Exercise prompt -
Only the lines from the beginning of the data through the line holding "1--- 铜芯导体; 2--- 交联聚烯烃J缘;" belong in the answer, printed exactly and without pictures.

Items from a dataset
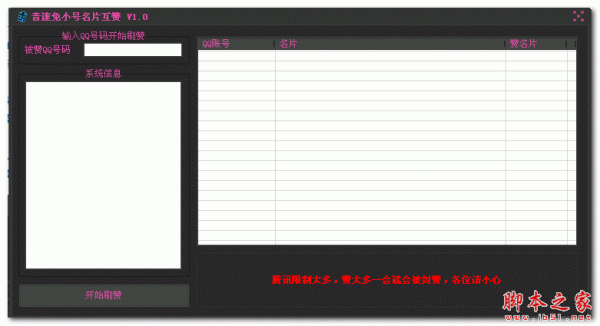 音速免小号名片互赞软件是一款针对QQ名片刷赞器,无需小号。该软件功能强大,能够免小号免费刷赞,无需输入密码的名片刷赞软件,安全无毒,放心使用。
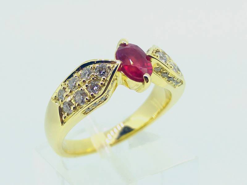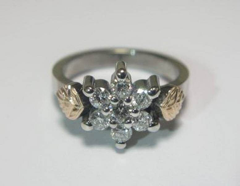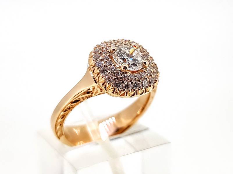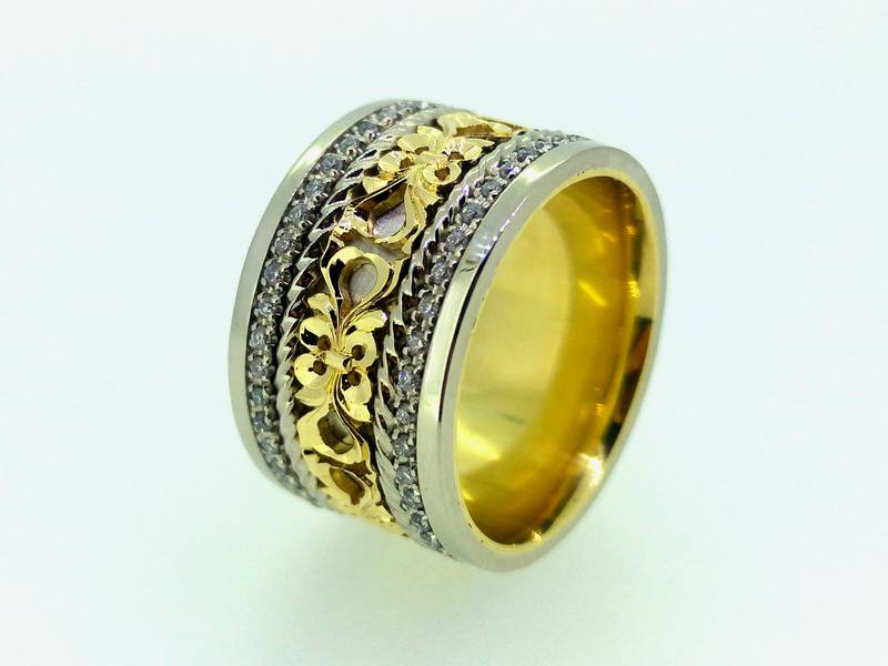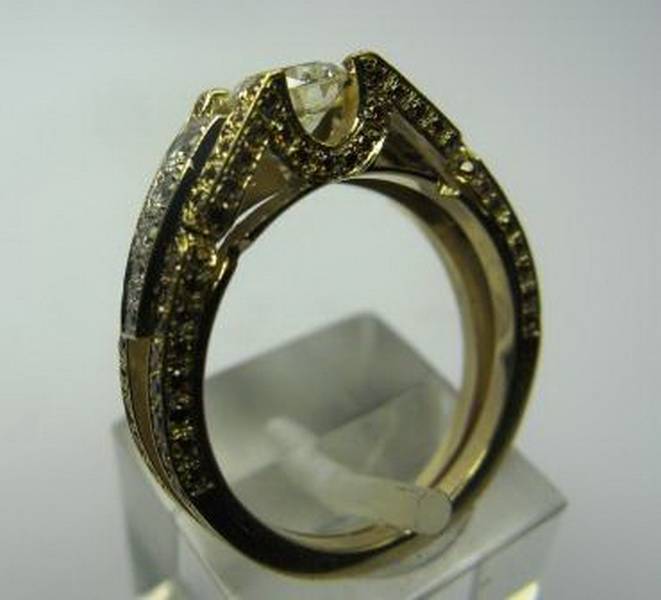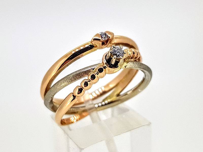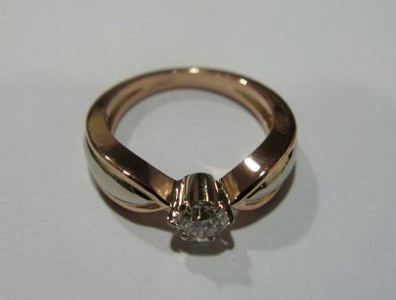 - Suzadetuviu ziedas Nr.98 (is geltono, raudono arba balto aukso, puostas baltais ir rusvais briliantais)
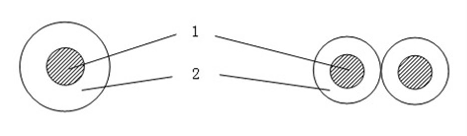 1--- 铜芯导体; 2--- 交联聚烯烃J缘; 3--- 聚烯烃护套; 4--- 铜丝编织屏蔽层。
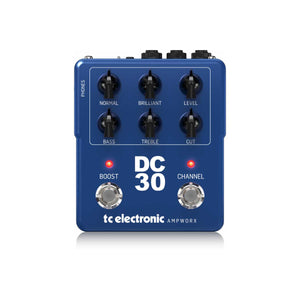 Dual-channel guitar preamp that faithfully recreates the sound of a 1965 top boost AC30 combo amp in a pedal with independent channel controls, pre/post boost, official Celestion cab sim IR and dedicated outputs for DI and headphones.
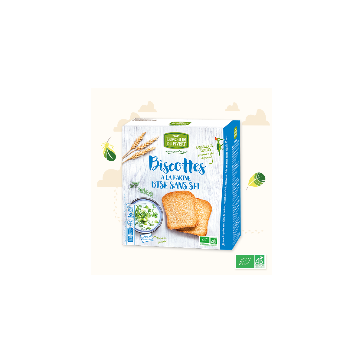 Biscottes sans sel et sans sucres ajoutés bio de la marque LE MOULIN DU PIVERT.
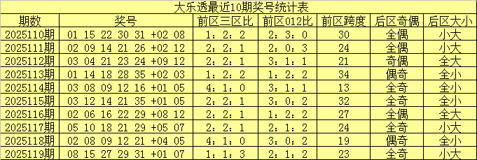 大乐透第2025119期奖号开出:08 15 27 29 31 +01 07。其中前区三区比为1:1:3,012路比为2:1:2,后区开出一大一小、全奇奖号。
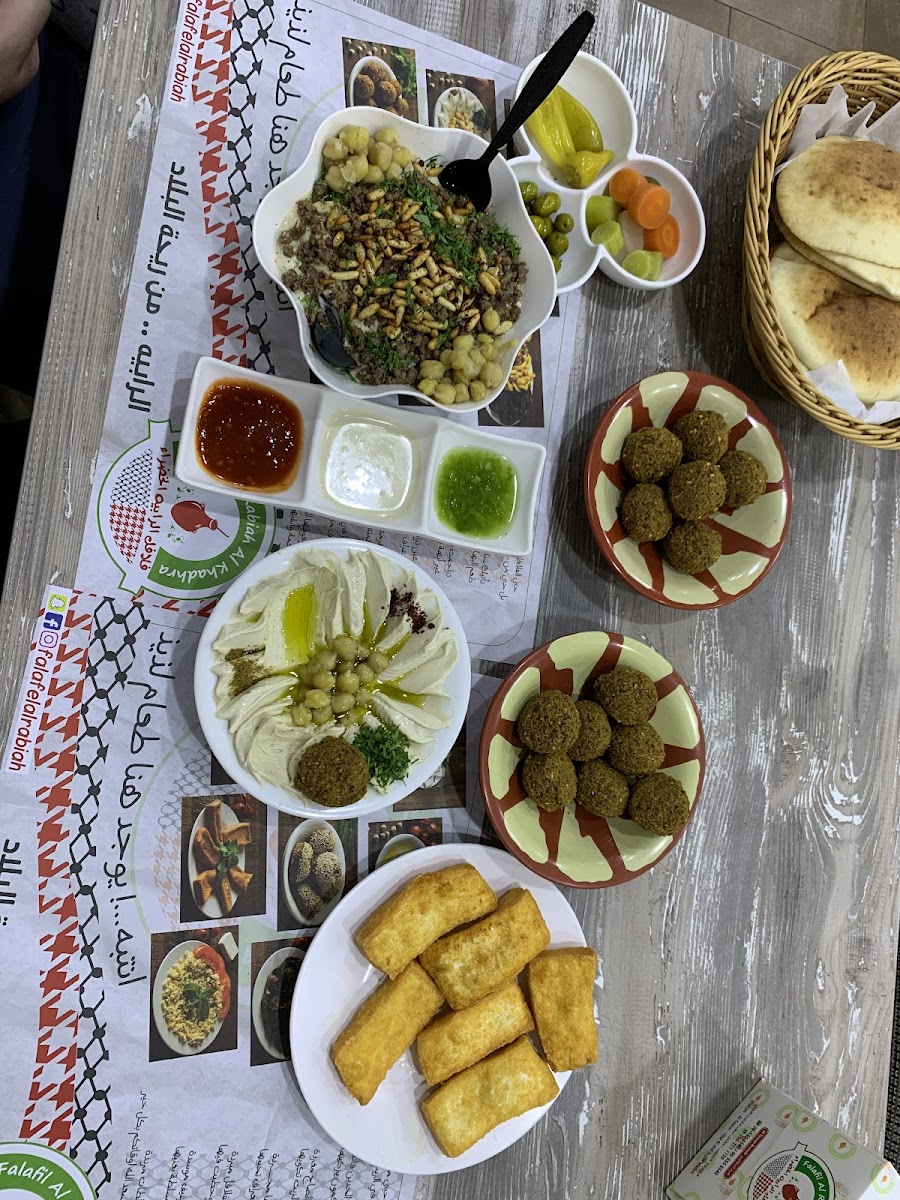 We recently had the pleasure of dining at Falafil Al Rabiah Al Khadra, and it was a truly delightful experience. We were a group of four and ordered a variety of traditional Arabic dishes — while I can’t recall all the exact names, a few of them left a lasting impression. One of the standout dishes was Shoul Shoka, a hearty and flavorful dish that was rich in spices and felt like real comfort food. Another memorable item was a white pea dish with peanuts, which was both unique and incredibly tasty — something we don’t often find in most casual Arabic restaurants. It had a warm, earthy flavor that paired perfectly with the freshly served bread. Speaking of bread, the Khaboos deserves a special mention. Soft, warm, and straight out of the oven, it had that authentic Arabic touch that elevated the entire meal. Every bite felt like a taste of Middle Eastern tradition, and the combination of all dishes together made for a filling and satisfying experience. The restaurant itself was clean, cozy, and inviting. It had a humble charm and felt perfect for both quick bites and casual group meals. The staff was cooperative, friendly, and attentive, making sure we had everything we needed and always responding with a smile. Overall, Falafil Al Rabiah Al Khadra offers genuine Arabic flavors in a comfortable setting. We truly enjoyed our visit and would gladly return to try more from their diverse menu.
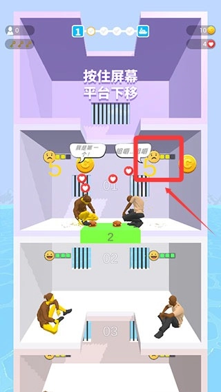 长按屏幕可使平台下移,松开后平台停止移动;需在楼层不断变化的过程中精准把控操作节奏,防止出现资源浪费或投喂不及时的情况。
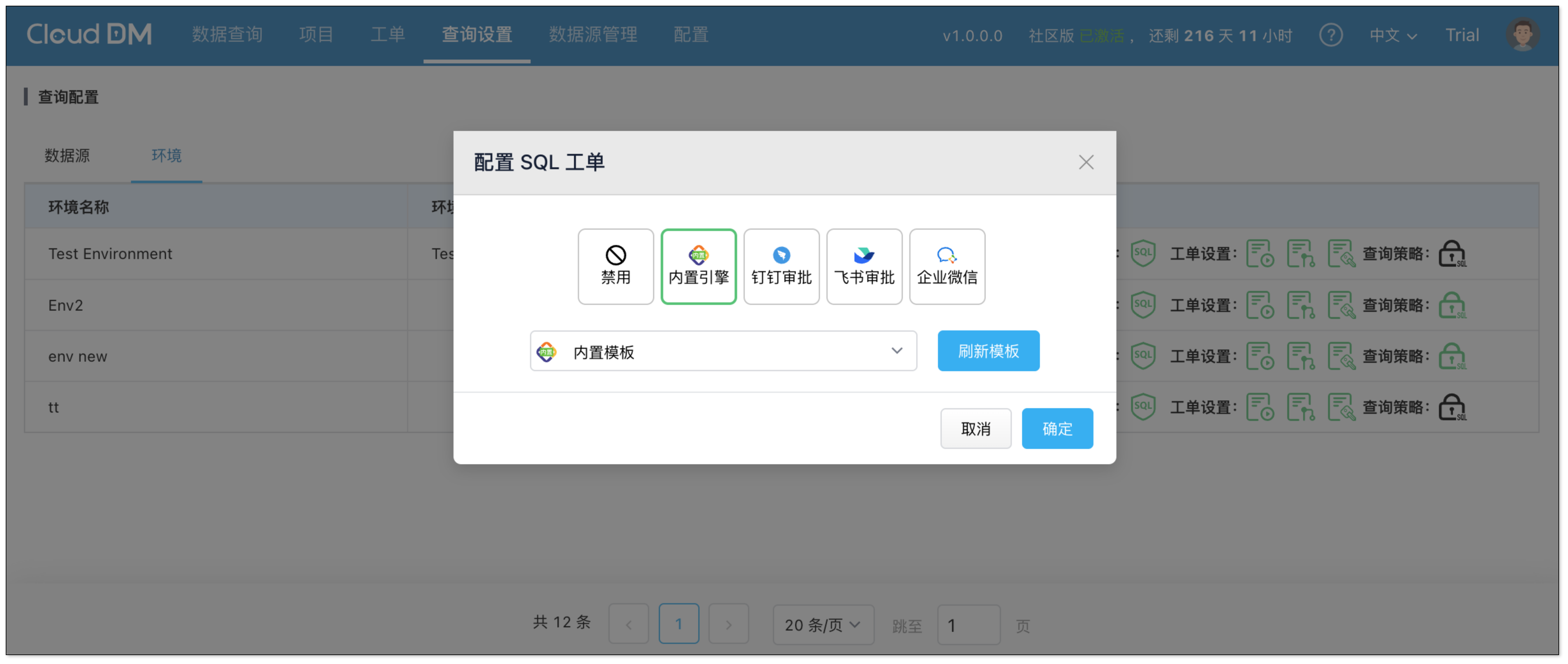 通过修改环境策略,CloudDM 可以禁止环境中数据源的工单功能,在只提供查询的环境中,可以更好地保证数据库的安全。
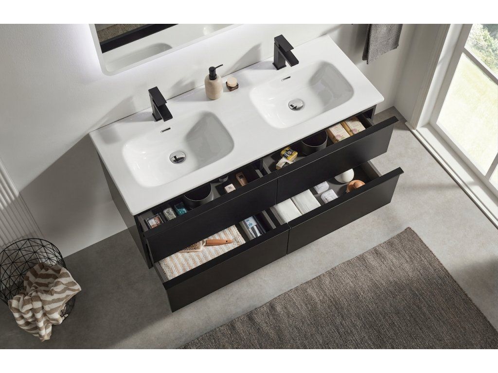 CERANO - Koupelnová skříňka Velora - černá matná, úchytka černá + keramické umyvadlo Novo - bílá lesklá - 121x54,5x46,5 cm
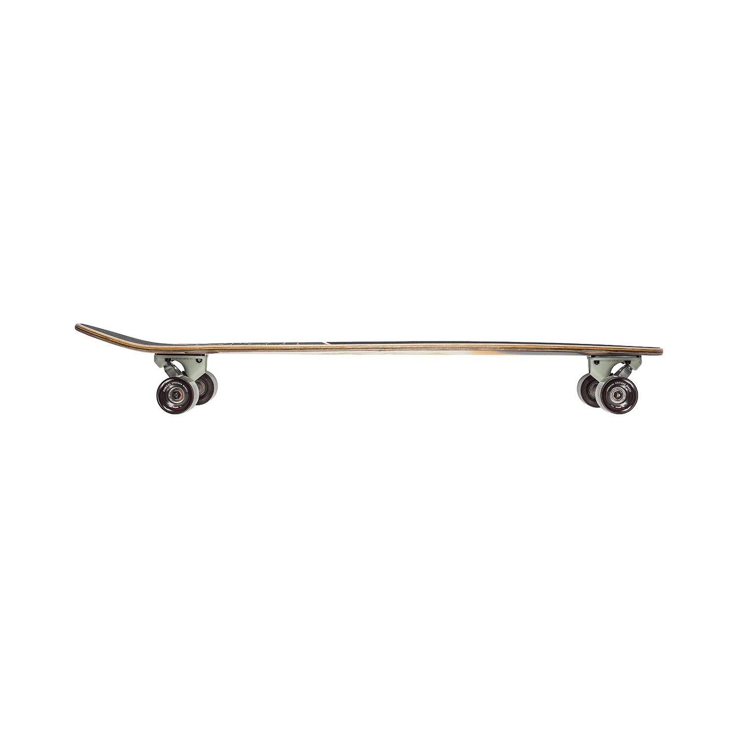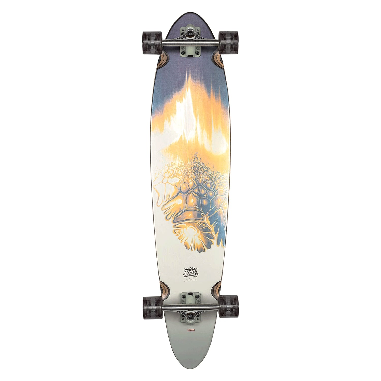 The Pinner Classic in Gold Vein is a classic pintail longboard with a kicktail, featuring deck and grip tape artwork by featured artist Sam Chirnside. The deck is constructed from Resin-8 hard rock maple, featuring mellow concave and embedded metal badge detail. Also featuring 180mm Slant reverse kingpin trucks, 65mm 78a wheels, and die-cut, printed grip tape.

Output for this exercise -
 音速免小号名片互赞软件是一款针对QQ名片刷赞器,无需小号。该软件功能强大,能够免小号免费刷赞,无需输入密码的名片刷赞软件,安全无毒,放心使用。
 - Suzadetuviu ziedas Nr.98 (is geltono, raudono arba balto aukso, puostas baltais ir rusvais briliantais)
 1--- 铜芯导体; 2--- 交联聚烯烃J缘; 3--- 聚烯烃护套; 4--- 铜丝编织屏蔽层。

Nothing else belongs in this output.